* [RFC PATCH] mm: kmemleak: Optimise kmemleak_lock acquiring during kmemleak_scan
@ 2015-06-08 17:06 Catalin Marinas
2015-06-08 17:32 ` Catalin Marinas
0 siblings, 1 reply; 2+ messages in thread
From: Catalin Marinas @ 2015-06-08 17:06 UTC (permalink / raw)
To: linux-mm; +Cc: linux-kernel, Andrew Morton
The kmemleak memory scanning uses finer grained object->lock spinlocks
primarily to avoid races with the memory block freeing. However, the
pointer lookup in the rb tree requires the kmemleak_lock to be held.
This is currently done in the find_and_get_object() function for each
pointer-like location read during scanning. While this allows a low
latency on kmemleak_*() callbacks on other CPUs, the memory scanning is
slower.
This patch moves the kmemleak_lock outside the core scan_block()
function allowing the spinlock to be acquired/released only once per
scanned memory block rather than individual pointer-like values. The
memory scanning performance is significantly improved (by an order of
magnitude on an arm64 system).
Signed-off-by: Catalin Marinas <catalin.marinas@arm.com>
Cc: Andrew Morton <akpm@linux-foundation.org>
---
Andrew,
While sorting out some of the kmemleak disabling races, I realised that
kmemleak scanning performance can be improved. On an arm64 system I
tested (albeit not a fast one but with 6 CPUs and 8GB of RAM),
immediately after boot an "time echo scan > /sys/kernel/debug/kmemleak"

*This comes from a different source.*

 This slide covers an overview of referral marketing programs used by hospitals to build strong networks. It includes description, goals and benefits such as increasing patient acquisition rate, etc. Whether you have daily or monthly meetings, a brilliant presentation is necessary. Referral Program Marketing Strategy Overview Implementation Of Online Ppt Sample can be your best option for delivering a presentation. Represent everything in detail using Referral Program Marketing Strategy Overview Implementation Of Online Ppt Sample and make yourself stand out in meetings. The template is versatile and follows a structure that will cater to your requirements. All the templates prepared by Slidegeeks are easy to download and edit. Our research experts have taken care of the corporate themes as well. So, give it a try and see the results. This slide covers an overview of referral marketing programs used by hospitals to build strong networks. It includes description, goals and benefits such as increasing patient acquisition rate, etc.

takes on average 70 sec. With this patch applied, I get on average 4.7
sec.
IMHO, this patch is worth applying even though the scalability during
kmemleak scanning may be slightly reduced. OTOH, it compensates by the
scanning now taking much less time.
A next step would be to investigate whether individual object->lock
can be completely removed and just live with the coarse kmemleak_lock
(though we won't see as big an improvement).
Thanks,
Catalin
mm/kmemleak.c | 38 ++++++++++++++++++++++++++------------
1 file changed, 26 insertions(+), 12 deletions(-)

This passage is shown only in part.